- [Problem details] Write out again, word for word, the lines below from the line that holds "Please be informed" through the line that holds "Figure 6. Examples", omitting pictures.

- [Given entries]
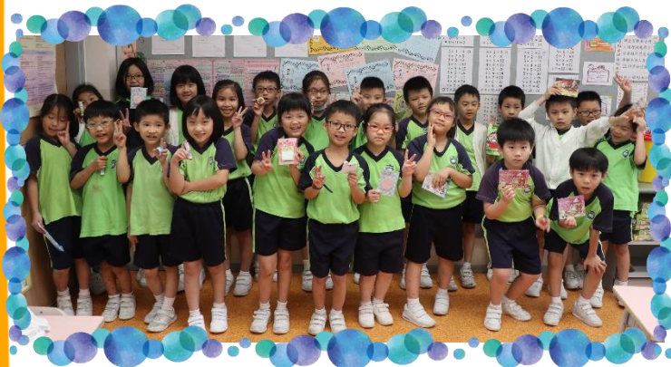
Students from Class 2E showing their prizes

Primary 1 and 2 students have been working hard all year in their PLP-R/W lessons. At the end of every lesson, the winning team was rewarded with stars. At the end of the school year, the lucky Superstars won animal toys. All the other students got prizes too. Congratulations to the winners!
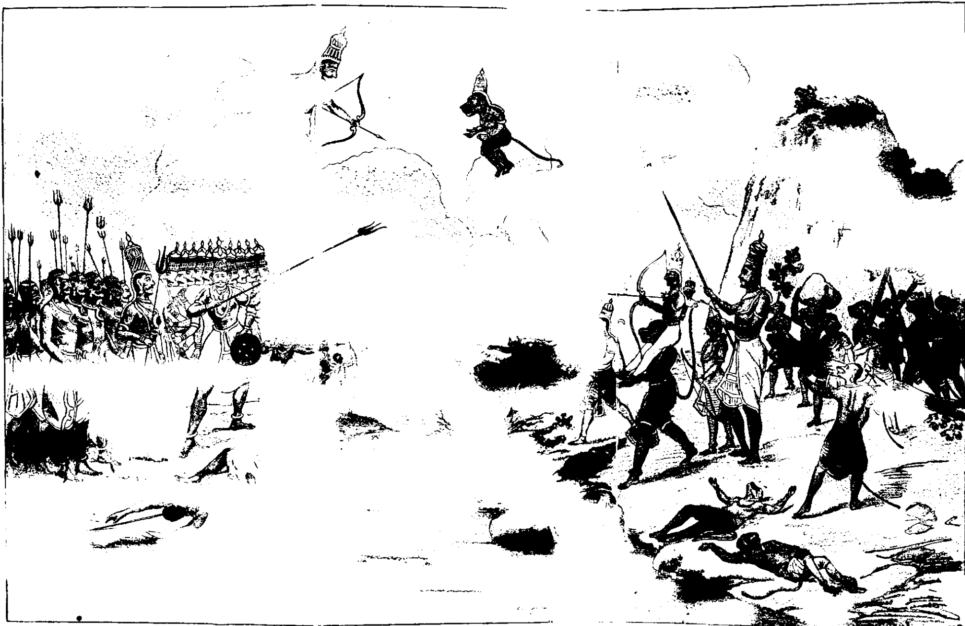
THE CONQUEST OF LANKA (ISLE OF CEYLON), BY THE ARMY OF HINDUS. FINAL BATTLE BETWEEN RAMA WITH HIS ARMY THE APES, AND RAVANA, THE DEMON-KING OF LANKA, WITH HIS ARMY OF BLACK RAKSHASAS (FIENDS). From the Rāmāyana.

* * *

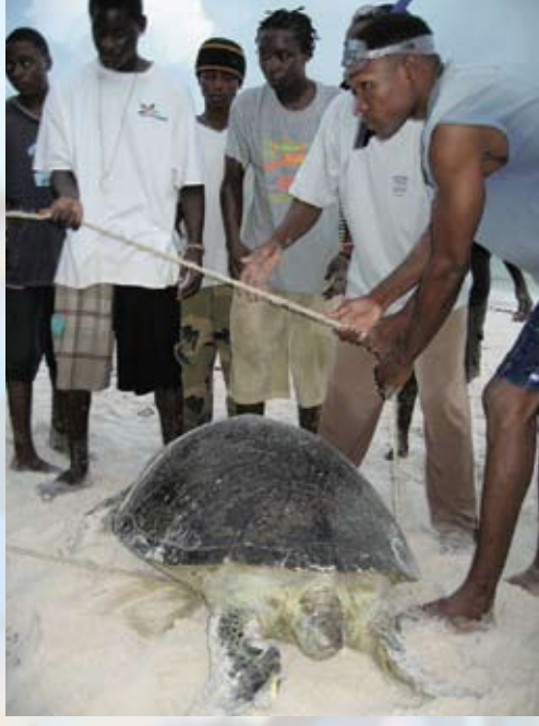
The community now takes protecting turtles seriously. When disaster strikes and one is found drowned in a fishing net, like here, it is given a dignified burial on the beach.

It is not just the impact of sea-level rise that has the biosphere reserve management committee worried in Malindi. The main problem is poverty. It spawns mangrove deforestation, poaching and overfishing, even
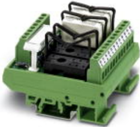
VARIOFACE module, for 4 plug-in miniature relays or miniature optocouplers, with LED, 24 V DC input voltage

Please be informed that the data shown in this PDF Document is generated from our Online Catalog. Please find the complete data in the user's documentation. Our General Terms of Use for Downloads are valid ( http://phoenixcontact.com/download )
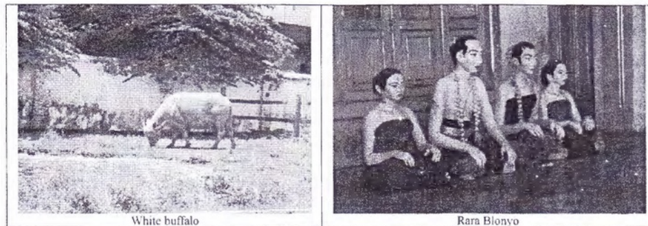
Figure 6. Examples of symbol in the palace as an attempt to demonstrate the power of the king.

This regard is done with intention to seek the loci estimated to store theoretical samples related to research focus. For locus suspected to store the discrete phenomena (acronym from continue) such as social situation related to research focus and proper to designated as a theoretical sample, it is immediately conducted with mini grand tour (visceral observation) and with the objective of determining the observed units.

==

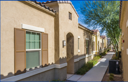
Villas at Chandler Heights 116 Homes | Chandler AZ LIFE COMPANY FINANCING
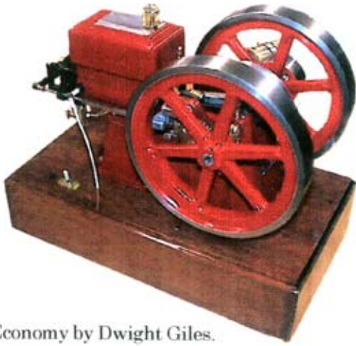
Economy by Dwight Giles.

- [Output below]
Please be informed that the data shown in this PDF Document is generated from our Online Catalog. Please find the complete data in the user's documentation. Our General Terms of Use for Downloads are valid ( http://phoenixcontact.com/download )
Figure 6. Examples of symbol in the palace as an attempt to demonstrate the power of the king.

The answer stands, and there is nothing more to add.